Task description:
Every line of the listing below from the one with "Максим Соколов-младший, к" up to and including the one with "The middle of" should be retyped exactly, and nothing else; pictures are not part of the copy.

Listed records:
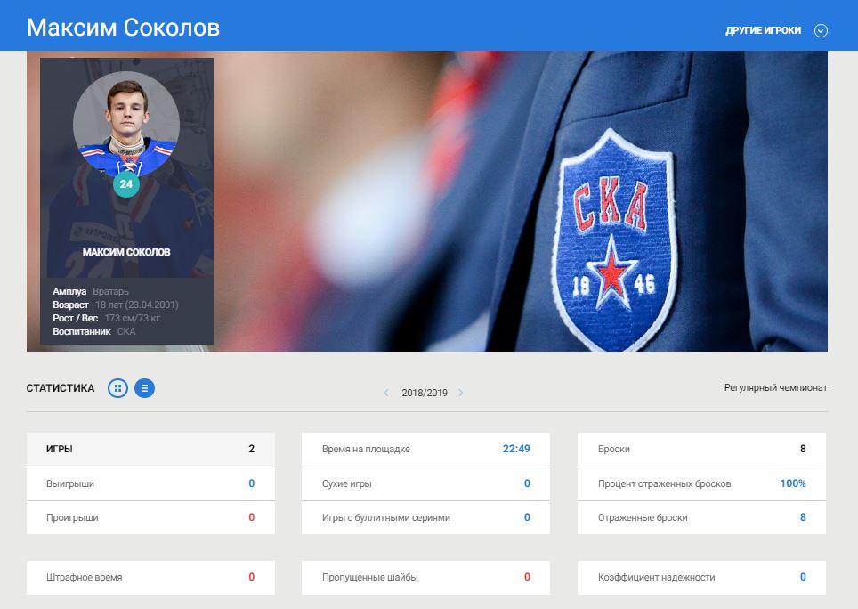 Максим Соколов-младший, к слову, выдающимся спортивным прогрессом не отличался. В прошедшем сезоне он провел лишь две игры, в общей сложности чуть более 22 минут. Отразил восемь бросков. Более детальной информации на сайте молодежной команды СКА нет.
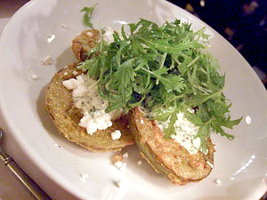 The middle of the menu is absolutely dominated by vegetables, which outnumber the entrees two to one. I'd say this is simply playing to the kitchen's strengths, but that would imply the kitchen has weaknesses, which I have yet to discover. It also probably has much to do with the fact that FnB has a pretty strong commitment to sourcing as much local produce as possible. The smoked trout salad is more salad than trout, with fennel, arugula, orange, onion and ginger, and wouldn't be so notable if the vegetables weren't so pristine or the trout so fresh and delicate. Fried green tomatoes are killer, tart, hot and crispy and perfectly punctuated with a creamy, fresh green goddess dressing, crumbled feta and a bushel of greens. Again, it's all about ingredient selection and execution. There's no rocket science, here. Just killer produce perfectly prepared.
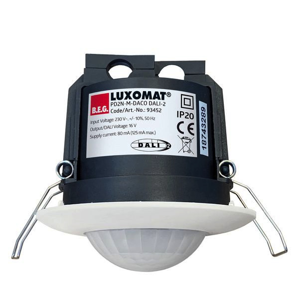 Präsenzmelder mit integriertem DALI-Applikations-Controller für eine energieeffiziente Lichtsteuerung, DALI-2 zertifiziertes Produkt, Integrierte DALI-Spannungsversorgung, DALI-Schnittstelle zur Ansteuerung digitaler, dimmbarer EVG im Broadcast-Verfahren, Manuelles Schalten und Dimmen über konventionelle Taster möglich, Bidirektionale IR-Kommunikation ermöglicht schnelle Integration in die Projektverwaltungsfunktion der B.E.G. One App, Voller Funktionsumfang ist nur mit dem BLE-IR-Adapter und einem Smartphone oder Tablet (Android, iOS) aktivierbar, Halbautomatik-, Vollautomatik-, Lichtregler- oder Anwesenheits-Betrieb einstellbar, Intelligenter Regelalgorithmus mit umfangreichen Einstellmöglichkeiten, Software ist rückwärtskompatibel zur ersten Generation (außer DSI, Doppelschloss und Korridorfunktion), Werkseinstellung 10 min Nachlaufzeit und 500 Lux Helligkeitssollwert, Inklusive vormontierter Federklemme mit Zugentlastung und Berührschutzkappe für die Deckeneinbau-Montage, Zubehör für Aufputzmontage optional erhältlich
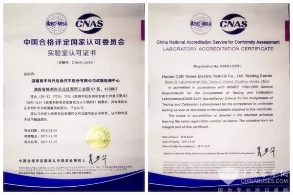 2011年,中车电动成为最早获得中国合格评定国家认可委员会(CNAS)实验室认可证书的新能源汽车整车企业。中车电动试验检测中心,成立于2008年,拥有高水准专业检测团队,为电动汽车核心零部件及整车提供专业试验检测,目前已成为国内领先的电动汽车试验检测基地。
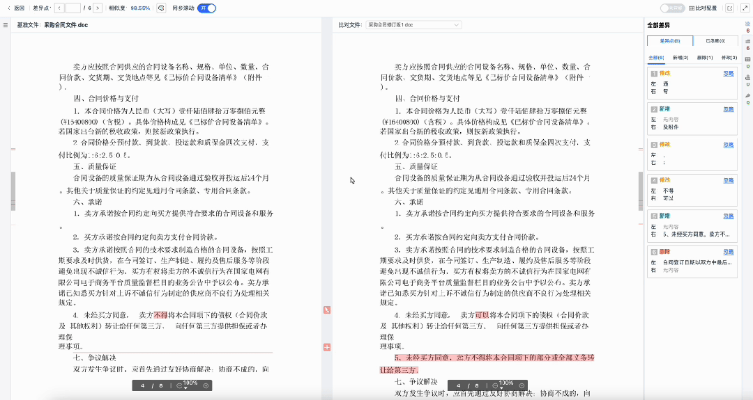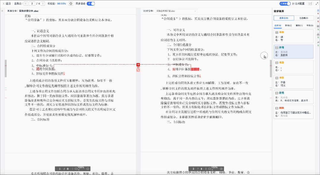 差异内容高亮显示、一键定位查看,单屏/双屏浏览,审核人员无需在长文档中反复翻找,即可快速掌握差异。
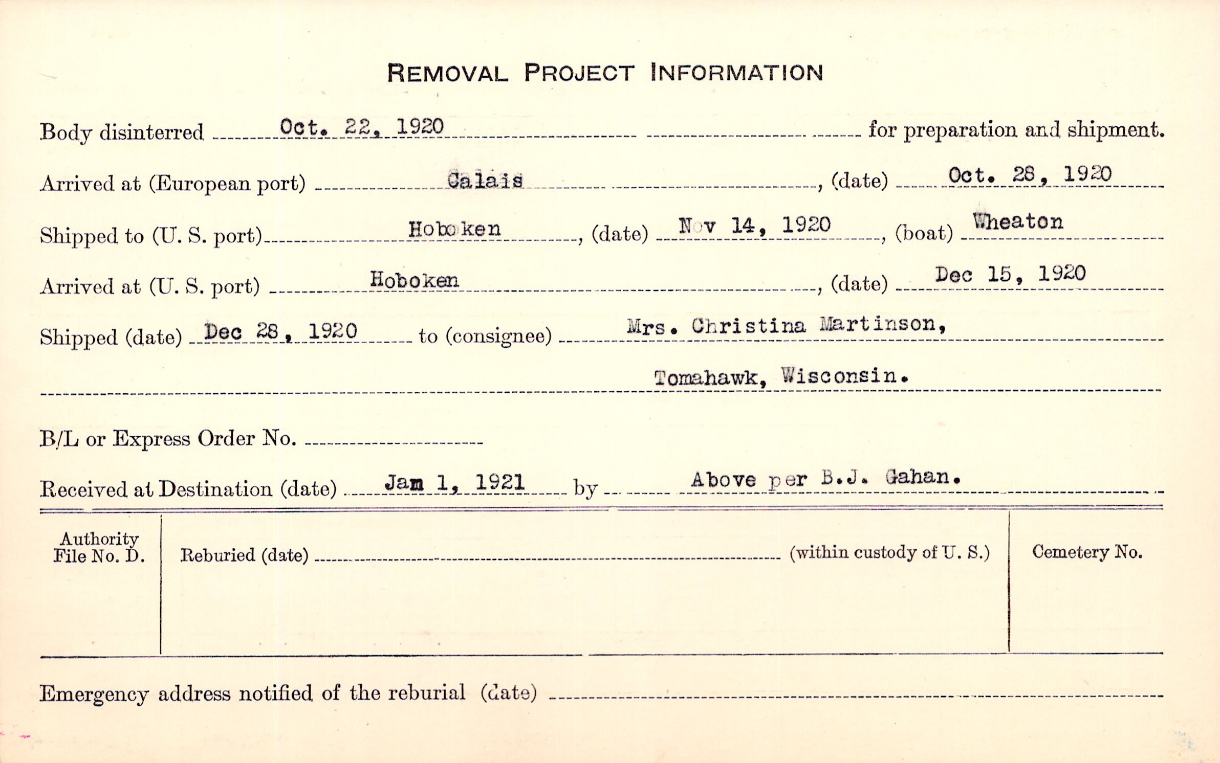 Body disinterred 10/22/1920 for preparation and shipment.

---

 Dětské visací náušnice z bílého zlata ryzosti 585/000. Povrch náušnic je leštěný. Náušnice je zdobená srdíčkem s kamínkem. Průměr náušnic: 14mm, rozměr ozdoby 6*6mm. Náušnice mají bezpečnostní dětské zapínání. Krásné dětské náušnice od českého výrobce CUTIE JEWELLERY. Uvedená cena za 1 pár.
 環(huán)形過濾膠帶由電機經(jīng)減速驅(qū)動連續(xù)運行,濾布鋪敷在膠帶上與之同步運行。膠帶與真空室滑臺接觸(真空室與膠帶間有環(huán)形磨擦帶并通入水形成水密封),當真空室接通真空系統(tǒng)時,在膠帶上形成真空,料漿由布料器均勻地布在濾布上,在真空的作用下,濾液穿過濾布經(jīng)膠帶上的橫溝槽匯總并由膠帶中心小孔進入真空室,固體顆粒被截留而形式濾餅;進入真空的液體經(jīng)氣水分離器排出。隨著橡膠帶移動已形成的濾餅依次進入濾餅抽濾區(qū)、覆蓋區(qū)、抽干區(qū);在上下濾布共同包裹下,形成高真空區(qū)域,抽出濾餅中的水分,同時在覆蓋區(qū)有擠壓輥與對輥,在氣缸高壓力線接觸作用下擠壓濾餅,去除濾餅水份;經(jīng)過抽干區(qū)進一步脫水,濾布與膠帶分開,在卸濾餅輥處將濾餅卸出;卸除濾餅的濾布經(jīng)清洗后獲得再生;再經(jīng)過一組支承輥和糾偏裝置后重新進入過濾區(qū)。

---

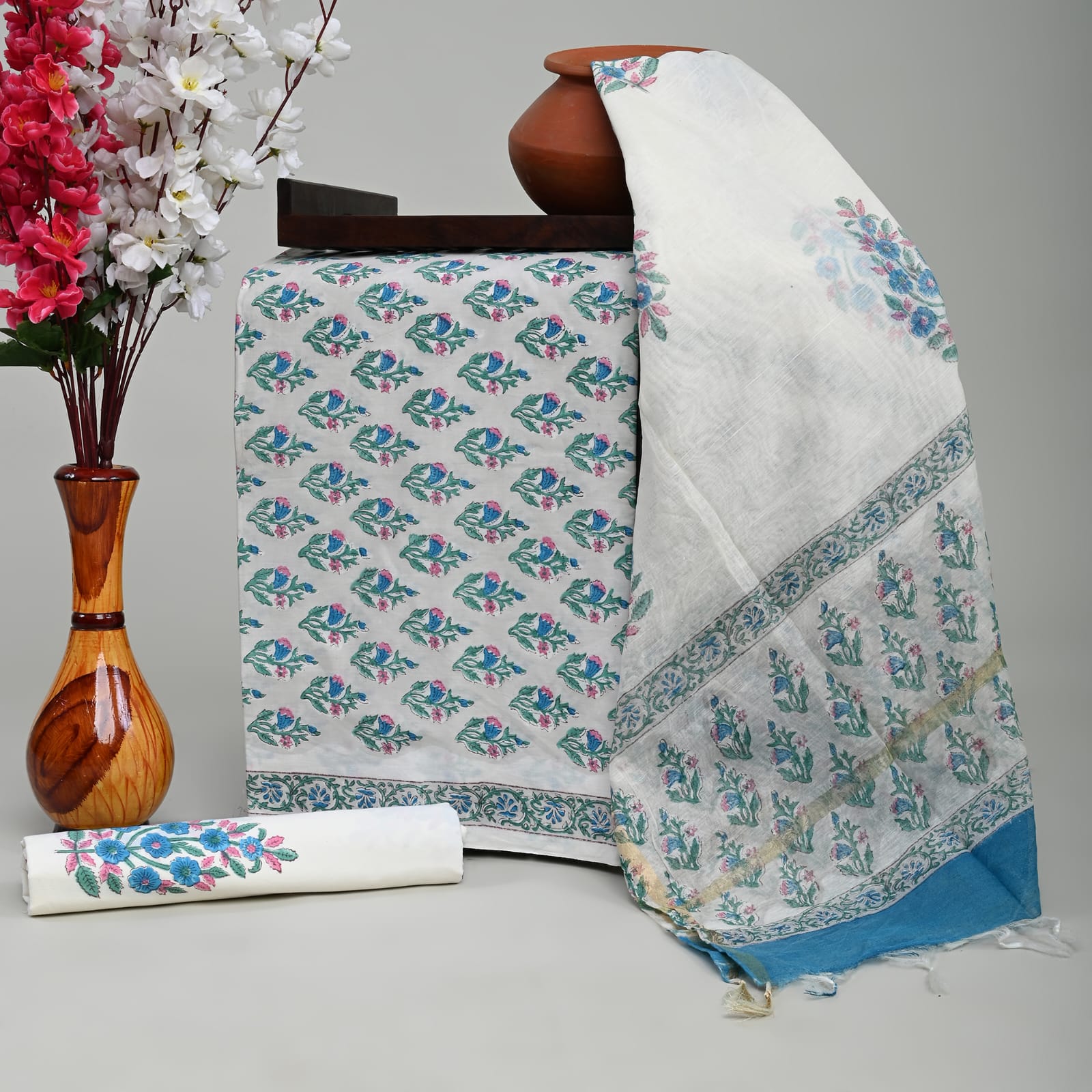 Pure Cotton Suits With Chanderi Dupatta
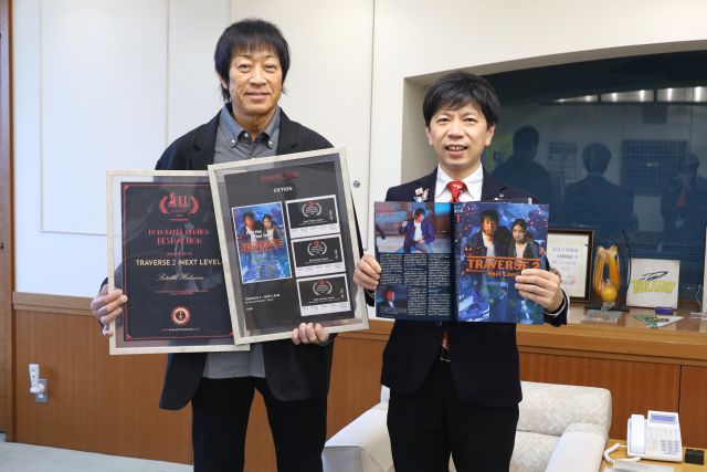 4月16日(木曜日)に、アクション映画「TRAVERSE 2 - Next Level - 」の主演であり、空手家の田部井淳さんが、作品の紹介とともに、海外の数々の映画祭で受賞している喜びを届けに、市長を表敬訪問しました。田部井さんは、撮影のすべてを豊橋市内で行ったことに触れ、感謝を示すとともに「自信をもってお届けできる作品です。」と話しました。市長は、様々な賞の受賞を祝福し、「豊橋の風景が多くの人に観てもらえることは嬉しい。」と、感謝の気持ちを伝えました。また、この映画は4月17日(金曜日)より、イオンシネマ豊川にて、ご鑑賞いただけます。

Answer box:
 Максим Соколов-младший, к слову, выдающимся спортивным прогрессом не отличался. В прошедшем сезоне он провел лишь две игры, в общей сложности чуть более 22 минут. Отразил восемь бросков. Более детальной информации на сайте молодежной команды СКА нет.
 The middle of the menu is absolutely dominated by vegetables, which outnumber the entrees two to one. I'd say this is simply playing to the kitchen's strengths, but that would imply the kitchen has weaknesses, which I have yet to discover. It also probably has much to do with the fact that FnB has a pretty strong commitment to sourcing as much local produce as possible. The smoked trout salad is more salad than trout, with fennel, arugula, orange, onion and ginger, and wouldn't be so notable if the vegetables weren't so pristine or the trout so fresh and delicate. Fried green tomatoes are killer, tart, hot and crispy and perfectly punctuated with a creamy, fresh green goddess dressing, crumbled feta and a bushel of greens. Again, it's all about ingredient selection and execution. There's no rocket science, here. Just killer produce perfectly prepared.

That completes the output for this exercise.